#DesignIndaba2020: Ibrahim Mahama calls to expand the sensibilities of both art and the world at large
Mahama holds a Master of Fine Arts in Painting and Sculpture and a Bachelors in Fine Arts in Painting from the Kwame Nkrumah University of Science and Technology, Kumasi, Ghana.
His work was featured in numerous exhibitions at key galleries and museums, including the Moderna Museet, Stockholm and the Norval Museum and in 2015 he was a participant of the 2015 Venice Biennale.
Known for creating installations using jute sacks, Mahama uses the transformation of materials to explore themes of commodity, migration, globalisation and economic exchange.

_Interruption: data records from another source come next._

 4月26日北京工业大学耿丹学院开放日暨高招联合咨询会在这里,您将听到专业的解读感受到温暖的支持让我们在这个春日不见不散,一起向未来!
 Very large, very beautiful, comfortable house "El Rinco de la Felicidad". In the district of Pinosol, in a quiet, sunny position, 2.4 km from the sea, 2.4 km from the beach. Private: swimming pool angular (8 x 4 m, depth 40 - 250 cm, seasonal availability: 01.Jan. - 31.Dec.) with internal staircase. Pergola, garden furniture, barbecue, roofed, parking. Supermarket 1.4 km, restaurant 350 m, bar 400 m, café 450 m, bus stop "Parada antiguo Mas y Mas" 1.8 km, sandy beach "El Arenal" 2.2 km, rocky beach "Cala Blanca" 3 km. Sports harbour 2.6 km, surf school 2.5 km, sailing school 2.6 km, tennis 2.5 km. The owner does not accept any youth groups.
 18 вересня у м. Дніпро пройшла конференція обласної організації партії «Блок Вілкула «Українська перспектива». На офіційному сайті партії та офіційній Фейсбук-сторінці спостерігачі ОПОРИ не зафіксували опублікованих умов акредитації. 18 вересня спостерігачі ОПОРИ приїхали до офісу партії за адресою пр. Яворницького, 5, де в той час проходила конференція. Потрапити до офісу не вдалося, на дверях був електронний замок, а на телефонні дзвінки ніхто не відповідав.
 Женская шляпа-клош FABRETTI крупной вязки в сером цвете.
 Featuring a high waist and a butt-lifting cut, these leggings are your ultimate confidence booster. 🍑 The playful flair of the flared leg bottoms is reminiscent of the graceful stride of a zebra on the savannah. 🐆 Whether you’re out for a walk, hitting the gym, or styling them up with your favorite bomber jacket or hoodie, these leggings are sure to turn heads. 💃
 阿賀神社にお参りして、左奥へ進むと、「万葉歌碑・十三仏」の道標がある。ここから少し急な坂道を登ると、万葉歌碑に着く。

Often made in collaboration with others, his large-scale installations employ materials gathered from urban environments, such as the sacks mentioned but also remnants of wood, which are stitched together and draped over architectural structures.
Exploring materials that have a significant history
An article on Cube explains that these jute sacks are fabricated in South East Asia, the sacks are imported by the Ghana Cocoa Boards to transport cocoa beans and eventually end up as multifunctional objects, used for the transportation of food, charcoal and other commodities. "You find different points of aesthetics within the surface of the sacks' fabric", Mahama said. "I am interested in how crisis and failure are absorbed into this material with a strong reference to global transaction and how capitalist structures work."
Mahama discussed the context surrounding artworks and the influence that art history has had on his work in the Journal of Contemporary African Art in an interview with Sharon Obuobi, where he said: "Studying in art school, we learned about the complex history of painting, exploring how images are constructed and how spaces can be perceived differently. If you can apply paint on a canvas, why can’t you work with an already existing object that has paint applied on it? I use my training as a painter in exploring materials that have a significant history and memory – sometimes at the stage of neglect – which is very relevant to production systems, especially within modern-day history."
His specific engagement with the conditions of Ghanaian trade has led his intensive dialogue into some of the most prestigious art conversations of this generation. And in doing so he has defied the traditional teaching and art’s intrinsic value as he uses the coal sacks as a device to explore process, material, value and meaning within the artistic system.
The expectation of the art world is rapidly changing and Mahama’s intention is to break away from traditional art practice that he had been taught to do within an art school. In his own words, "We need to propose new forms and also constantly expand the sensibilities of both art and the world at large."
Mahama will be speaking at the 25th Design Indaba Conference, which will run from 26 to 28 February 2020 at the Artscape Theatre Centre in Cape Town.